# Reading csv, json and shape format datasets. Combining them into one central file

One of the goals of our project is to study urban environment of Zurich city and afterwards associate it with insurance data. For this purpose, we will be utilizing public datasets published on <a href="url">https://data.stadt-zuerich.ch/</a> website. Datasets we will be using contain, but are not limited to, public parks, schools, street lights, public WCs and etc. in Zurich. 

This notebook is used to load all relevant datasets found on https://data.stadt-zuerich.ch/ as well as the population per zip code data from https://opendata.swiss/en/dataset/bevoelkerung-pro-plz into a central file that will be used for the rest of the analysis.

In [1]:
import pandas as pd
import numpy as np
import geopandas as gpd
from os import listdir

In [2]:
DATA_FOLDER = "./data/"
CSV_JSON_FOLDER = DATA_FOLDER + './csv_json_files/'
SHAPE_FOLDER = DATA_FOLDER + "shapeFiles/"
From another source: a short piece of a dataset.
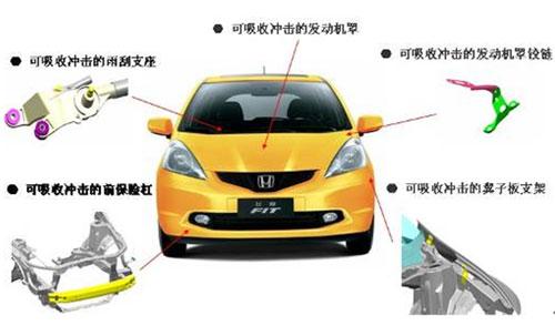 当行人与车辆发生交通事故时,最主要的死亡原因是来自于行人头部的伤害,而最主要的重伤部位是腿部。如下图所示,为了保护行人头部,飞度的发动机罩、翼子板支架等部位采用了碰撞吸能结构;为了保护腿部,保险杠的前部也采用了碰撞吸能材料。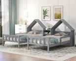 Double Twin Size Platform Bed with House-shaped Headboard and a Built-in Nightstand, Grey

## Reading and loading the csv files

In [3]:
# create function that reads cleans and appends csv to the general dataframe
def csv_read_clean_append(csv_file, duplicate_check, group_on, new_column, append_target=None):
    
    # load csv into dataframe, drop any duplacte rows, count values for group_on series 
    temp_df = pd.read_csv(CSV_JSON_FOLDER + csv_file).drop_duplicates(duplicate_check)[group_on].value_counts().to_frame(new_column)
    
    if append_target is None:
        return temp_df
    else:
        return append_target.join(temp_df)

In [4]:
# start with addresses and number of hospitality companies
combined_df = csv_read_clean_append('adressen.csv', 'adresse', 'plz', 'addresses')
combined_df = csv_read_clean_append('gastwirtschaftsbetriebe_per_20171231.csv',\
                                    'Betriebsname', 'plz', 'hospitality_companies', combined_df)

We now insert the population per zip code. We have to do some manual touching up, as the population is a sum of number of women and men.

In [5]:
# read population per zip code file
population_df = pd.read_csv(CSV_JSON_FOLDER +'bevoelkerung_proplz.csv',delimiter=';')

# sum the men and women count per zip code to get population per zip code
population_df = population_df[population_df['typ']\
                                .isin(['w', 'm'])]\
                                .groupby('plz')['anzahl']\
                                .agg('sum')\
                                .to_frame('population')

# merge the population data to the rest
combined_df = pd.merge(combined_df, population_df, 'inner', left_index=True, right_index=True)
combined_df.head()

Unnamed: 0,addresses,hospitality_companies,population
8050,4134,153.0,34412
8049,3498,34.0,27853
8048,3492,95.0,33499
8032,3403,50.0,23866
8046,3016,31.0,29139


## Reading and loading the json files

In [6]:
# create function that reads cleans and appends json datasets to the general dataframe
def json_read_clean_append(json_file, duplicate_check, group_on, new_column, append_target=None):
    
    # first read json using geopandas
    temp_df = gpd.read_file(CSV_JSON_FOLDER + json_file)
    
    
    # load json into dataframe, drop any duplicate rows, count values for group_on series 
    temp_df = pd.DataFrame(temp_df).drop_duplicates(duplicate_check)[group_on].value_counts().to_frame(new_column)
    temp_df.index = pd.to_numeric(temp_df.index)
    
    if append_target is None:
        return temp_df
    else:
        return pd.merge(append_target, temp_df, 'left', left_index=True,right_index=True)

In [7]:
# loop through json files in data folder and add to general df with function above
for file in listdir(CSV_JSON_FOLDER):
    if file.endswith('.json'):
        combined_df = json_read_clean_append(file,'adresse', 'plz', file[:-5], combined_df)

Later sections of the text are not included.